>>>>>

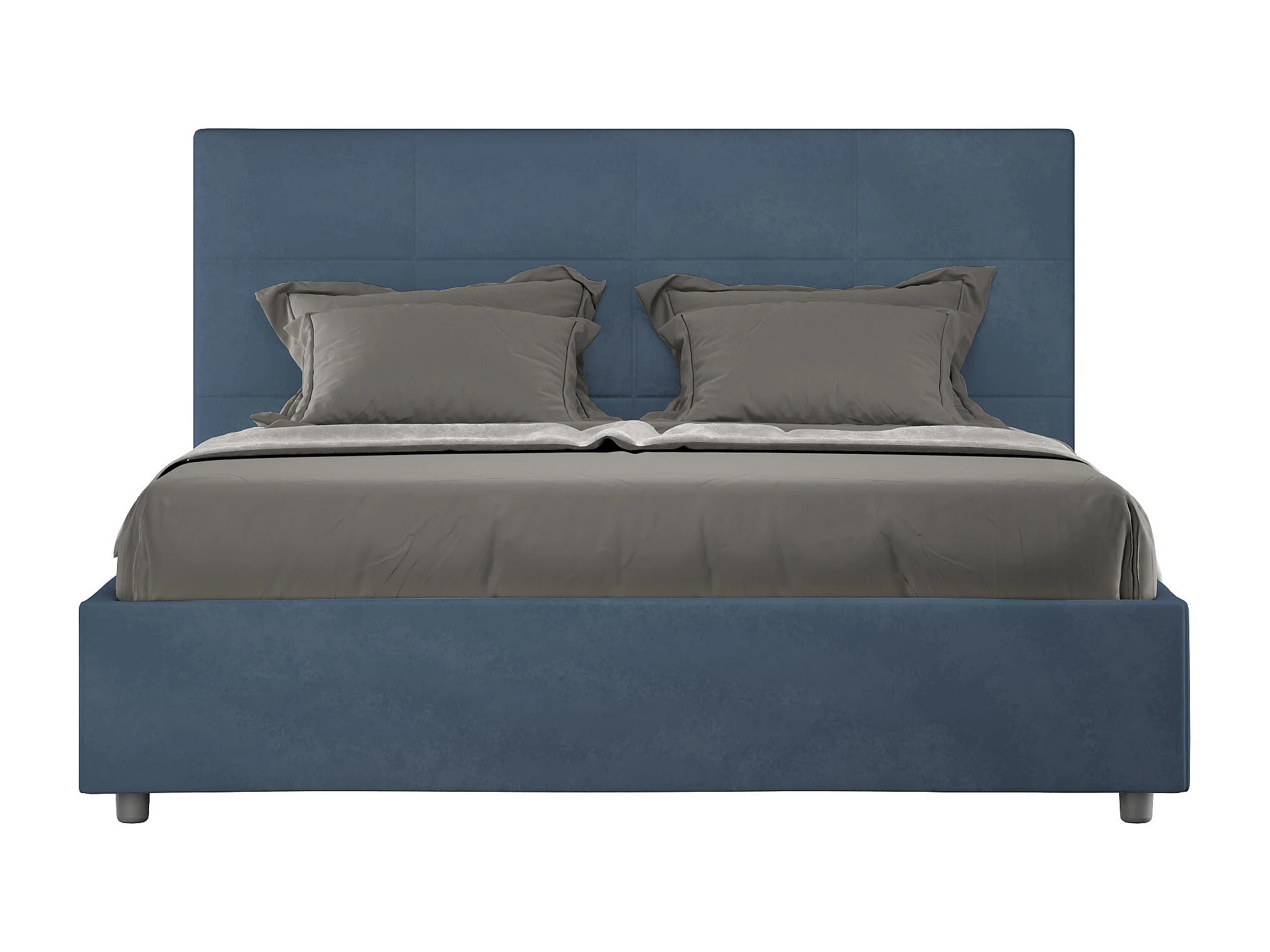 Lit double sans sommier rembourré 140x200 microfibre bleu Mika
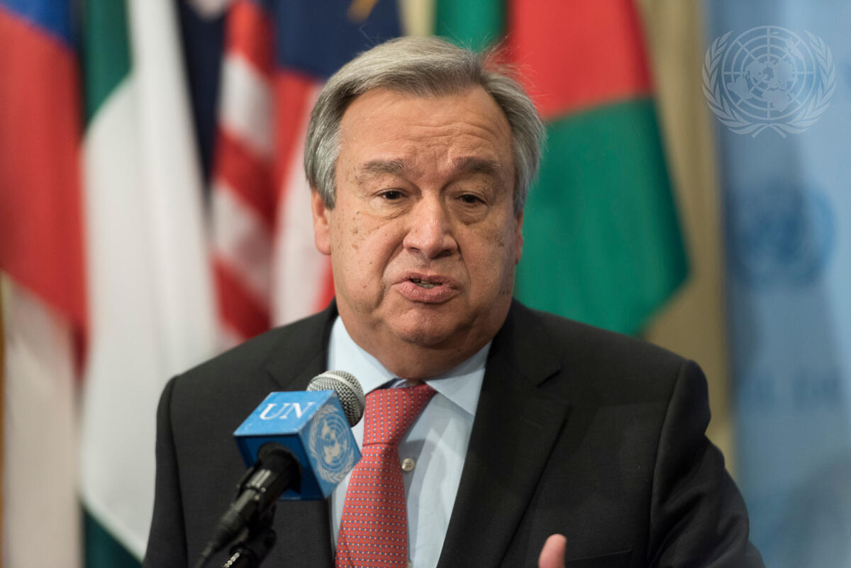 António Guterres, UN High Commissioner for Refugees (UNHCR), speaks to journalists, following a Security Council meeting on the continuing conflict in Syria and the attendant humanitarian and refugee crises.
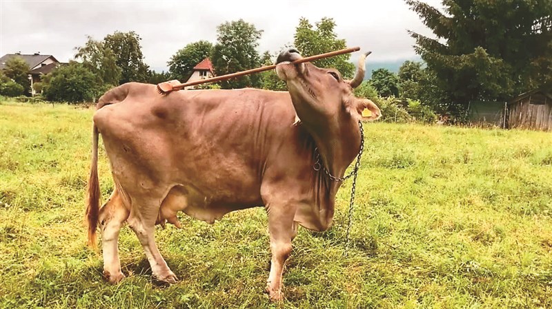 【本報綜合外電報導】《華盛頓郵報》指出,牛跟人一樣也會覺得癢,然而若把長柄刷遞到奧地利一頭13歲母牛維洛妮卡(Veronika)面前,牠會叼起並用舌頭捲住木柄,用刷毛一端刷背,或用木柄一端輕撫癢處。維洛妮卡沒有接受過任何訓練。科學家表示,這是首度經實驗證實的牛隻使用工具案例,這項19日刊於《當代生物學》(Current Biology)期刊的研究,顯示人們可能長期低估牛的認知能力。
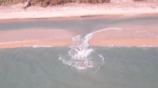 此外,今天一些公众号开始介绍关于“离岸流 Rip Current”的概念,这的确是海边需要注意的一种水流现象。在水下形成了一个小的“裂口”,从而产生强烈离岸水流,通过裂口将人推向海面远方。这是海边出现溺水意外的最常见原因之一。
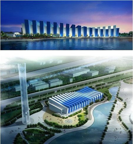 該館主體造型采用雙色螺旋流動造型,主體建筑白色和藍色相間,既巧妙地隱喻了廣州“云山珠水”的城市地理特征,又是對主體育場“飄帶”曲線的延續。同時通過相互穿插流動造型,結合建筑朝向,很好的滿足了建筑內部空間高度、采光通風、建筑節能以及合理布置設備管道的需求。
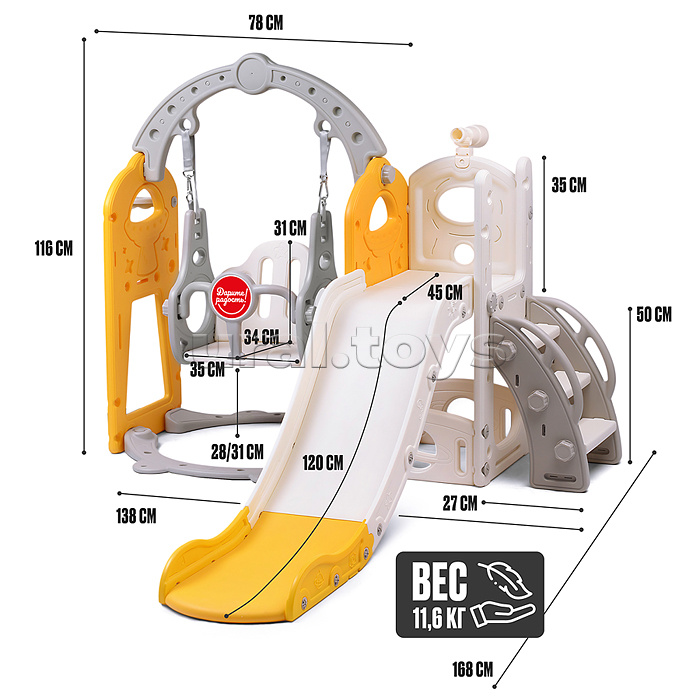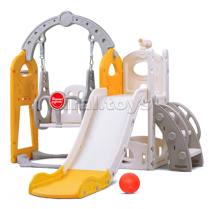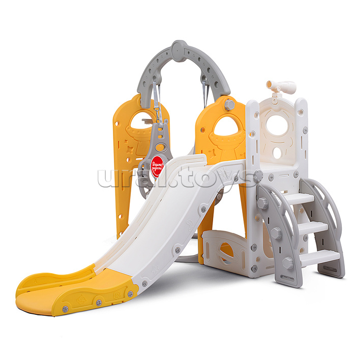 Комплект детский "Космический стиль" (горка и качель) цвет желтый.

<<<<<

▶ **PROMPT**
Write out each entry exactly, images excluded.

▶ **WRITTEN REPLY**
 Lit double sans sommier rembourré 140x200 microfibre bleu Mika
 António Guterres, UN High Commissioner for Refugees (UNHCR), speaks to journalists, following a Security Council meeting on the continuing conflict in Syria and the attendant humanitarian and refugee crises.
 【本報綜合外電報導】《華盛頓郵報》指出,牛跟人一樣也會覺得癢,然而若把長柄刷遞到奧地利一頭13歲母牛維洛妮卡(Veronika)面前,牠會叼起並用舌頭捲住木柄,用刷毛一端刷背,或用木柄一端輕撫癢處。維洛妮卡沒有接受過任何訓練。科學家表示,這是首度經實驗證實的牛隻使用工具案例,這項19日刊於《當代生物學》(Current Biology)期刊的研究,顯示人們可能長期低估牛的認知能力。
 此外,今天一些公众号开始介绍关于“离岸流 Rip Current”的概念,这的确是海边需要注意的一种水流现象。在水下形成了一个小的“裂口”,从而产生强烈离岸水流,通过裂口将人推向海面远方。这是海边出现溺水意外的最常见原因之一。
 該館主體造型采用雙色螺旋流動造型,主體建筑白色和藍色相間,既巧妙地隱喻了廣州“云山珠水”的城市地理特征,又是對主體育場“飄帶”曲線的延續。同時通過相互穿插流動造型,結合建筑朝向,很好的滿足了建筑內部空間高度、采光通風、建筑節能以及合理布置設備管道的需求。
 Комплект детский "Космический стиль" (горка и качель) цвет желтый.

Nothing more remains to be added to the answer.